Let me be once convinced that St. Paul, with the elders of
an Apostolic Church, knowingly and intentionally appended a palsy or a
consumption to the sentence of excommunication, and I shall be obliged
to reconsider my old opinion as to the anti-Christian principle of the
Romish Inquisition.
Ib. p. 114.
'A man that is a heretic, after the first and second admonition,
reject; knowing that he that is such, is subverted, and sinneth, being
condemned of himself'.--Tit. iii. 10, 11.

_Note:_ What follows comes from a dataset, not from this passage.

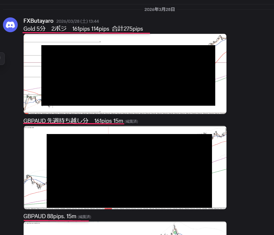 ① ゴールドで275pips・GBPAUDで161pipsの特大利益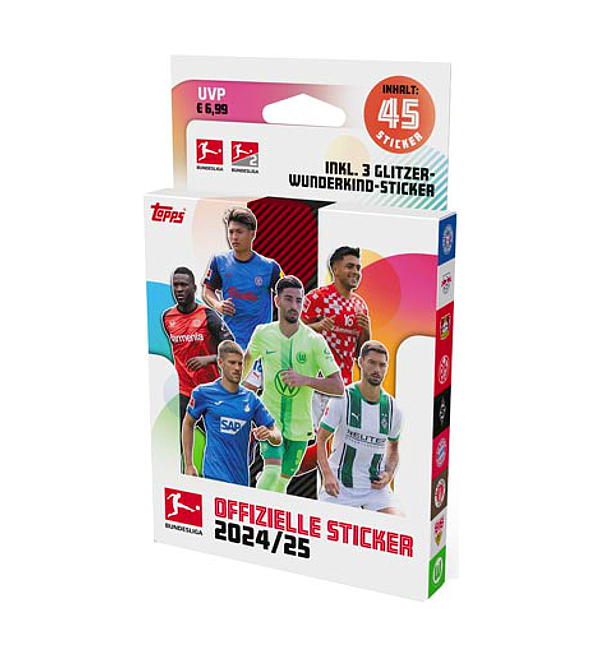 Eco-Blister (=6 saquetas + 3 Wunderkind-Sticker) da coleção de cromos Topps Bundesliga 2024/2025. Cada saqueta contém 7 cromos.

This text would be among my minor arguments for doubting the Paulinity
of the Epistle to Titus. It seems to me to breathe the spirit of a later
age, and a more established Church power.
Ib.
Not every one that mistakes in judgment, though in matters of great
importance, in points fundamental, but he that openly espouses such
fundamental error. * * Dr. Whitby adds to the definition, the
espousing it out of disgust, pride, envy, or some worldly principle,
and against his conscience.
Whitby went too far; Waterland not far enough. Every schismatic is not
necessarily a heretic; but every heretic is virtually a schismatic. As
to the meaning of [Greek: autokatakritos], Waterland surely makes too
much of a very plain matter. What was the sentence passed on a heretic?
A public declaration that he was no longer a member of--that is, of one
faith with--the Church. This the man himself, after two public notices,
admits and involves in the very act of persisting.